_Task prompt_: Repeat the lines below exactly as they appear, but leave out the images.

_Data section_:
=== Section Start ===

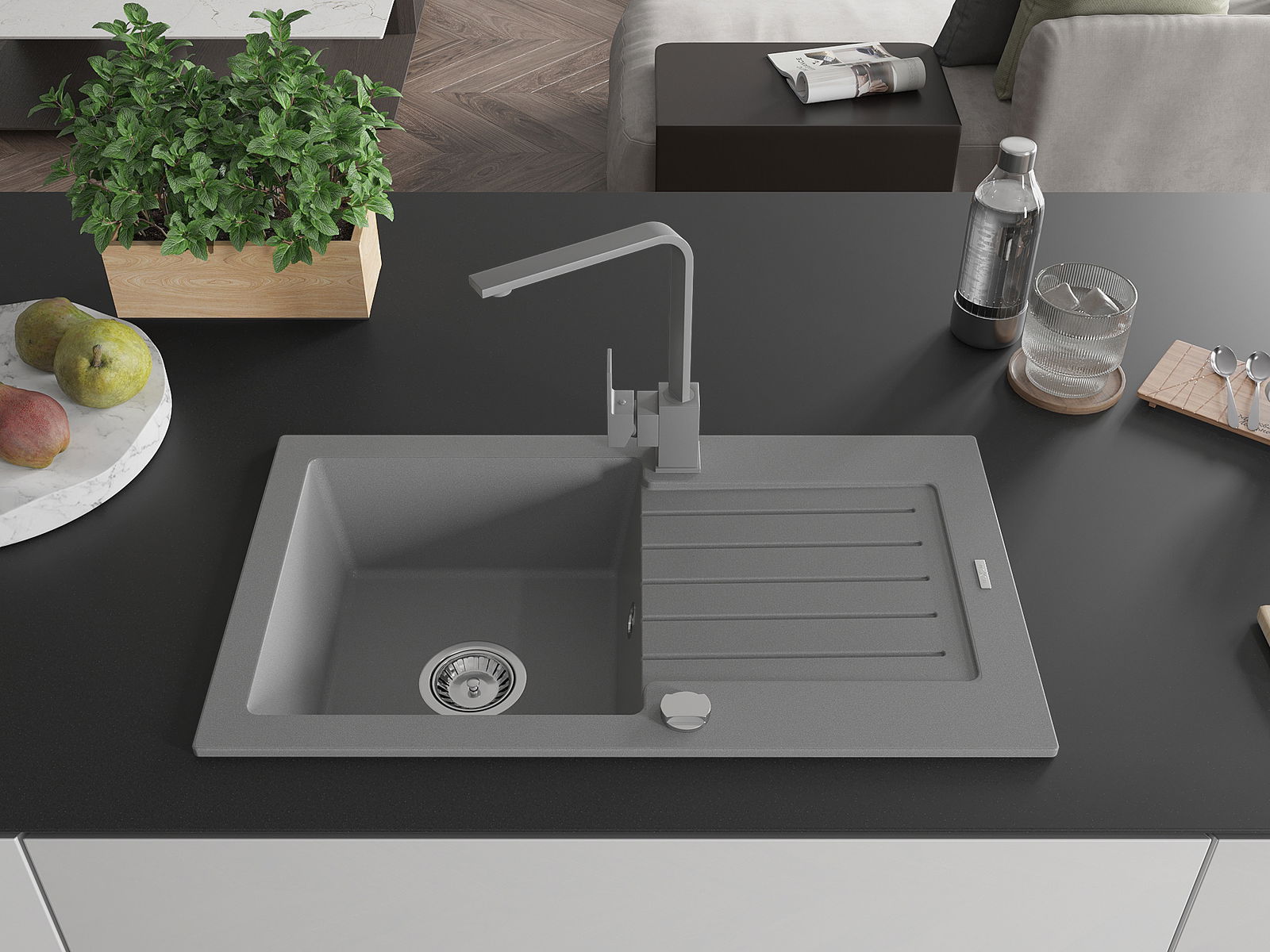 Mexen Pablo 1-medencés gránit mosogató csepegtetővel és Rita konyhai csapteleppel, szürke - 6510-71-670300-71
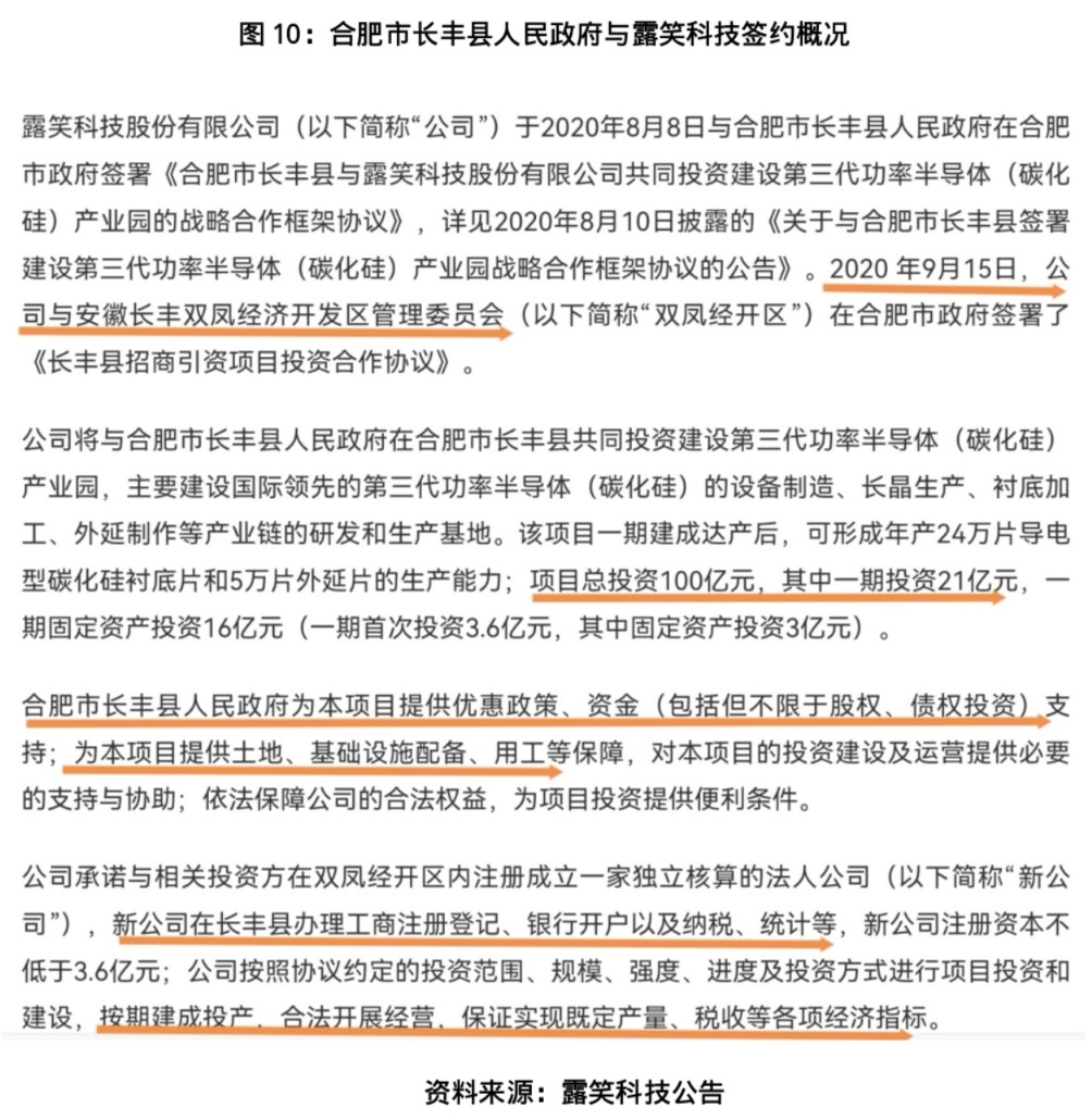 回溯露笑科技的碳化硅布局,起点充满想象空间。2020年起,国内第三代半导体产业迎来政策密集扶持的“黄金窗口期”,从“新型基础设施建设三年行动计划”到地方半导体产业专项补贴,政策红利持续释放。就在这一年,以漆包线业务为核心的露笑科技突然跨界,与合肥市长丰县人民政府签约共建第三代功率半导体(碳化硅)产业园,项目投资额高达100亿元。
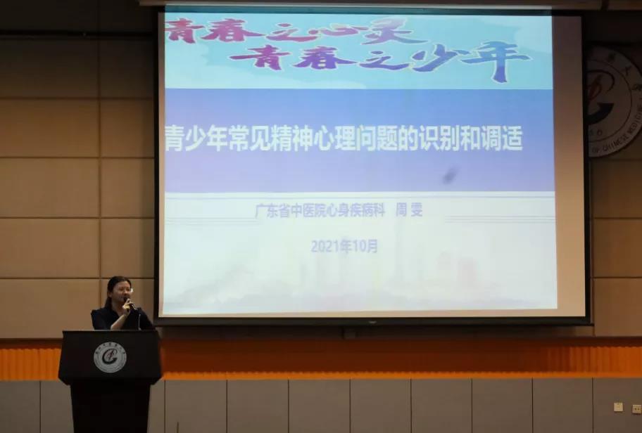为进一步将党史学习教育推向深入,切实为广大同学办实事、办好事,10月19日,伟德bv1946官网组织同学们参加学生心理健康培训讲座。 本次讲座特地邀请广东省中医院主治医师、国家中级心理治疗师和二级心理咨询师周雯老师,以《青少年常见精神心理问题的识别和调适》为题为同学们进行讲授。伟德bv1946官网全体本科生辅导员,20级和21级全体同学参加本次讲座。
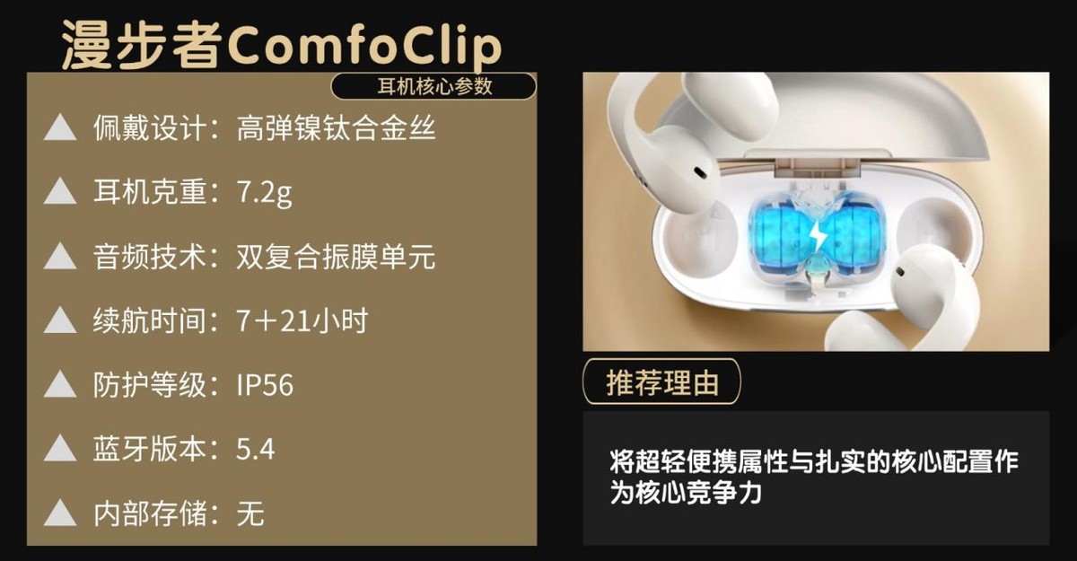 漫步者ComfoClip专注日常运动与户外轻训练,以超轻体量+均衡配置为竞争力,凭借亲民价格成为高性价比开放式热门机型,适配预算有限用户。

=== Section End ===

_Expected answer_:
 Mexen Pablo 1-medencés gránit mosogató csepegtetővel és Rita konyhai csapteleppel, szürke - 6510-71-670300-71
 回溯露笑科技的碳化硅布局,起点充满想象空间。2020年起,国内第三代半导体产业迎来政策密集扶持的“黄金窗口期”,从“新型基础设施建设三年行动计划”到地方半导体产业专项补贴,政策红利持续释放。就在这一年,以漆包线业务为核心的露笑科技突然跨界,与合肥市长丰县人民政府签约共建第三代功率半导体(碳化硅)产业园,项目投资额高达100亿元。
为进一步将党史学习教育推向深入,切实为广大同学办实事、办好事,10月19日,伟德bv1946官网组织同学们参加学生心理健康培训讲座。 本次讲座特地邀请广东省中医院主治医师、国家中级心理治疗师和二级心理咨询师周雯老师,以《青少年常见精神心理问题的识别和调适》为题为同学们进行讲授。伟德bv1946官网全体本科生辅导员,20级和21级全体同学参加本次讲座。
 漫步者ComfoClip专注日常运动与户外轻训练,以超轻体量+均衡配置为竞争力,凭借亲民价格成为高性价比开放式热门机型,适配预算有限用户。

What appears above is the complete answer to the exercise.